# Vice Articles Topic Model

#### Supervised Text classification model

In [79]:
from keras.preprocessing.text import Tokenizer
from keras.preprocessing.sequence import pad_sequences
import keras, numpy as np
from keras.layers import Embedding, Dense, LSTM, GRU
from keras.models import Sequential
import pandas as pd
from sklearn.model_selection import train_test_split, StratifiedShuffleSplit

_A small sample dataset to train and test the model_

In [129]:
data_loc = "./data/articles_sample.csv"
data = pd.read_csv(data_loc, sep='|', engine='python', names=['article_id','body', 'topic'])
# data.columns = ['article_id', 'url_fragment', 'first_published', 'body', 'topic']
data = data[~data.body.isnull()]

In [130]:
nb_words = 200000
max_seq_len = 1000
data.columns

Index(['article_id', 'body', 'topic'], dtype='object')

In [105]:
# train_size = int(np.floor(data.shape[0] * .8))

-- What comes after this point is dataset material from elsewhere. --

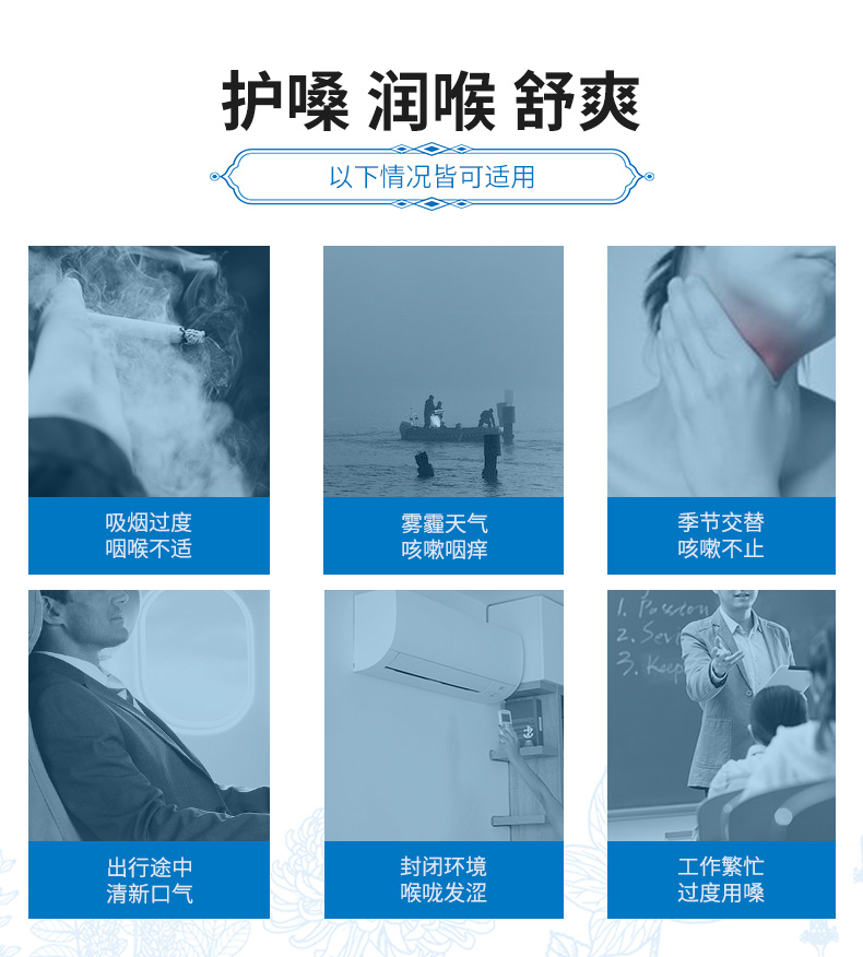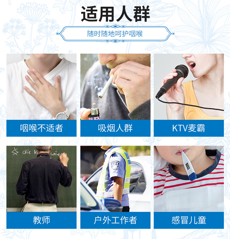 龙角散对于感冒引起的喉咙肿痛及吸烟过多导致的嗓子不适,都有显著缓和作用,适用于咽喉不适者、吸烟人群、感冒儿童、教师、户外工作者、KTV麦霸等。

# train_x = data["body"][0:train_size]
# train_y = data["topic"][0:train_size]

# test_x = data["body"][train_size:]
# test_y = data["topic"][train_size:]


In [132]:
# train_x.shape, train_y.shape, test_x.shape, test_y.shape

((1946,), (1946,), (387,), (387,))

In [144]:
X = data["body"]
y = data["topic"]

In [145]:
topics = list(y.unique())
y_encoded = [topics.index(topic) for topic in y] 

n_classes = len(topics)
n_classes, sum(train_y.value_counts() <= 10)

(607, 581)

Preparing the data for the model
* Tokenizing the text - Identifying unique words, creating a dictionary and counting their frequency in the list of documents (texts) in the training data.
* One-hot encoding the labels (topics)
* Splitting the data into train and test(validation) sets

In [147]:
tokenizer = Tokenizer(num_words=nb_words)
tokenizer.fit_on_texts(X)
sequences = Tokenizer.texts_to_sequences(tokenizer, X)
word_index = tokenizer.word_index

ydata = keras.utils.to_categorical(y_encoded)
input_data = pad_sequences(sequences, maxlen=max_seq_len)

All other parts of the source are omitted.